セナはおにぎりを取り出して「一緒に食べる」と言った。何事もなく食べ終わることができたので、私の予感が外れたかと首をひねっていたところに、雷が落ちた。
セナはいきなり冷蔵庫を置くと言い始めた。いわく、あったほうが何かと都合がいいから、と。
「電気代が払えなくなる」
「私の手当てがあります」
「置く場所はどうするんだ」
「定期的に掃除をしに来ます」
「買いに行くとしても連絡手段がないだろう」
「傭兵が連絡手段を持ち歩いていないとは思えません。契約者とはいつでも連絡がつくようにしているはずです」
一問一答のような明快さで弁解は潰されていった。
セナは最後に、「スマホに変わる部品か、スマホ本体をもっているはずです」と締めくくった。
私は迷った挙げ句、任務に持っていく一式が入った引き出しからスマホを取り出した。歩を進めるたび物悲しい金属音が一室に響いた。
「日程は私が調整します。非番が重なった日にしましょう。目が不自由でもスマホは見えるのですよね?」
「一日に一回は繋いで確認している」
「これで言質は取れましたね」
「……あんたは女傑だ。私が生きていた時代であれば、生き血をすすったなどと謳われることだろう」
セナは「私は」と尻切れトンボの言葉を放っただけだった。
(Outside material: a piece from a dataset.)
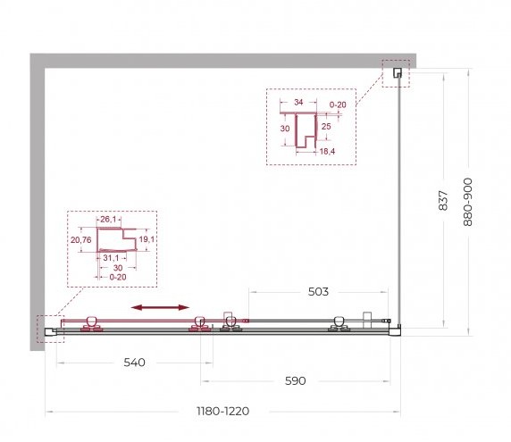Регулировка ширины: предусмотрена за счет боковых профилей

そのときの彼女がどのような表情をしていたのかは、私には知る由もない。オンボロの体が少しだけ恨めしかった。
だが、その気持ちはすぐに消えてなくなった。
セナは静かな声で「ザクロは今も生きています」と言った。
水の中に投げ込まれた石が大きな水しぶきを上げても、いずれ泉には静寂が満ちる。
ただ石が水底に溜まっていくだけである。私は腹部を撫でさすった。かたい感触の奥に、食べ終えたおにぎりの気配があった。
私は自分の部屋がどうなっているのかをなんとなくでしか認識できていないが、それでも寂しくないほうがいいなどと思った。
セナは冬が近いからなんとかなるだろうという理屈で数日分の食事を常温放置して、私の部屋が多少汚くなっているのを掃除して、かんたんな挨拶をしてアパートをあとにした。
私は嵐に巻き込まれたことを理解した。そして今は目の中でじっとしていられるが、その嵐は私の意思ではどうすることもできず、私の周囲を取り巻き、ときたま飲み込むつもりなのだということを悟った。
彼女からの連絡を受信した夜、私は不意に宿題のことを思い出した。セナは宿題を気にする素振りを一切見せなかったので失念していた。
私は結論を出せていなかった。自分とスマホとを繋ぐケーブルを外すと、視界には一瞬にして夜が満ちる。
私は手の中に収まった同族を静かに見つめる。スマホが何かを教えてくれることはない。震えることもなかったのが、なんだか妙に心をざわつかせた。
冷蔵庫を買ってからというもの、セナは私の家を半分ほど自分の領域だと考え始めたに違いない。彼女の世話は触診のように甲斐甲斐しかった。